SSH Connection Succeeds, But Script Execution Fails to Recognize SSH Key on VM

[DominikWunderlich]

I’m using Tart with Jenkins to establish an SSH connection from a Jenkins agent to a VM running on that agent. The SSH connection itself is successful, but when I try to execute a script on the VM, it seems that the script does not recognize or use the SSH key that was passed.

Steps to Reproduce:

1. Store the SSH private key in Jenkins Credentials.
2. In a Jenkins pipeline, use the withCredentials block to pass the key to the agent.
3. Write the key to a temporary file on the agent.
4. Establish an SSH connection to the VM using the key.
5. Execute a script on the VM that requires SSH access (e.g., to pull from a Git repository).

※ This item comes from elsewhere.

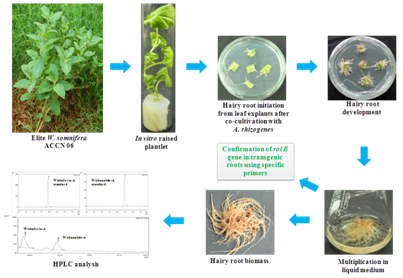 In W. somnifera, the physical leaf traits are found to be possible indicators of the quantity of the bioactive compound. This is further supported by the clustering of hyper-Withaferin A accessions in the phylogram constructed using physical leaf traits. Phytochemical screening of Withaferin-A content shows that all the accessions collected from Tamil Nadu contained this bioactive compound at easily detectable levels. Three accessions (ACCN06, ACCN12 and ACCN13) showed highest Withaferin-A content. The highest percentage of hairy root induction was obtained with A. rhizogenes strain R1000 into W. somnifera ACCN06 through 15s sonication and heat treatment at 41°C for 5 min. These protocols offer a new avenue in large scale production of bioactive compounds from W. somnifera.

Here’s the relevant portion of my Jenkins pipeline script:

withCredentials([sshUserPrivateKey(credentialsId: 'xyz123', keyFileVariable: 'PK')]) {
    sh """
    printf "%s" "$PK" > /tmp/temp_ssh_key
    chmod 600 /tmp/temp_ssh_key
    sshpass -p $VM_PW ssh -i /tmp/temp_ssh_key -o 'StrictHostKeyChecking=no' $VM_USER@$(tart ip $IMAGE_NAME) 'bash -s' < '${env.WORKSPACE}/myScript.sh'
    rm -f /tmp/temp_ssh_key
    """
}

Expected Behavior:

The script executed on the VM should be able to use the SSH key to perform operations like cloning a Git repository or accessing other SSH-protected resources.

Actual Behavior:

The script on the VM seems to fail when it requires SSH access, indicating that it doesn’t recognize or cannot use the SSH key passed from the Jenkins agent.

Additional Information:

• The SSH connection itself is successful.
• The script execution fails only when it tries to perform SSH-related tasks that require the key.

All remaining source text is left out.